Dignity in Voluntary Labor

If you put the mission first ( which makes a lot of sense nearly all the time), then you would identify what areas are under-served or need more attention. You would then deploy all human power that becomes additionally available to address those areas. Sometimes the tasks may be just physical labor or very simplistic chores. Yet, your decision would be governed by organizational priority.

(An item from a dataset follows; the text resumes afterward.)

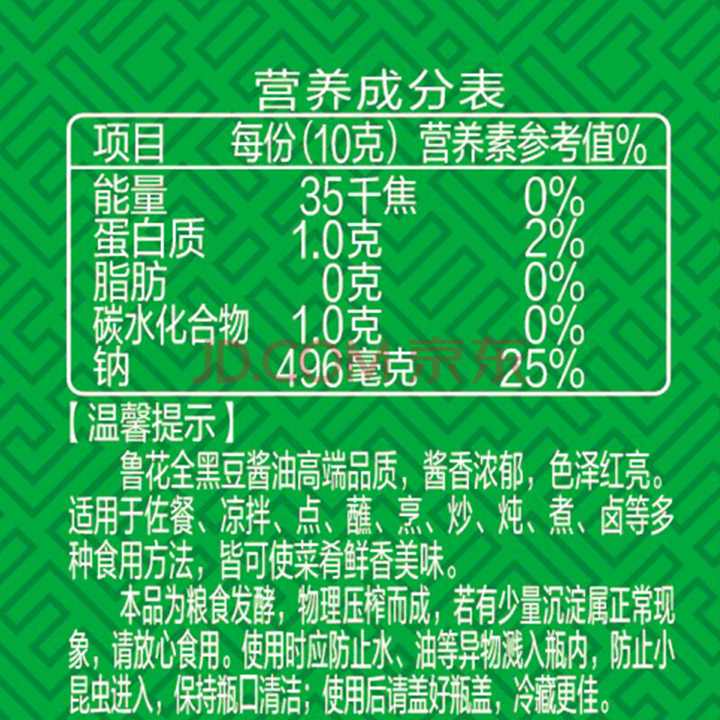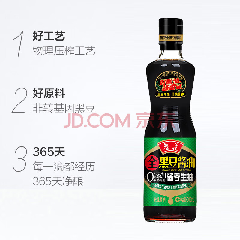 商品相册:鲁花全黑豆系列 生抽酱油【0添加防腐剂 特级生抽】500ml 厨房调味品第

This approach will work just fine so long as you communicate it to prospective volunteers. Many reasonable people understand that while they possess specialized skills and can provide valuable ideas, there is such a thing as lending a helping hand in a situation, where they just do whatever needs doing. The great thing about this is that the cause is helped, the mission moves forward, and the volunteer has toiled purely in its interest, with hardly any other fulfillment at a personal level.

Bring along your Gift

There is another approach – it has more of a “win-win” and is likely to appeal more to those with higher skills and specialized abilities. These are people who feel gratified at the opportunity to utilize their gifts and knowledge for the aid of a humanitarian or philanthropic cause. Making such a contribution of their time, talent and effort brings them a unparalleled sense of gratification at a personal level. This is their motivation, and yet such a drive or desire on their part delivers a high-quality benefit to the cause – whether by way of encouragement, support in fund raising, medicare or surgery, skills training, ambassadorial or liaison work, or other kinds of know-how.

At a spiritual level – if by spiritual, we mean a plane that is higher than the customary social level – it makes sense to apply the notion of `equal as humans’, and offer the specialists the opportunity to get some time offering assistance of a non-specialist kind too.

The reason for this is that they usually are called upon professionally for their specialist abilities, but social service is a realm where they seek to be useful to a cause in various ways, and their own skill-set is an important but just one of the ways of feeling and expressing their commitment.

It’s all for the Cause

But this is in an ideal situation, and depends upon the level of spiritual understanding of the volunteer as well. Usually what happens is that there are more cataract surgeries required than volunteer eye surgeons can manage time for, and so every minute of their volunteering time will be utilized for their specialist skills. While this is a charitable service they perform with their professional ability, it’s not the same as a spell of setting aside their personal or professional identity where a person renders service with no regard for self. This is a level of `selfless’ service where a person sets aside their background and emotions and is intensely and solely focused on the task or the cause. And they do so not out of any compulsion, coercion or cajoling, but of their own chosen will – such a dedication of the “volens” or will is the ultimate level of volunteering which can be known only by experiencing it for oneself.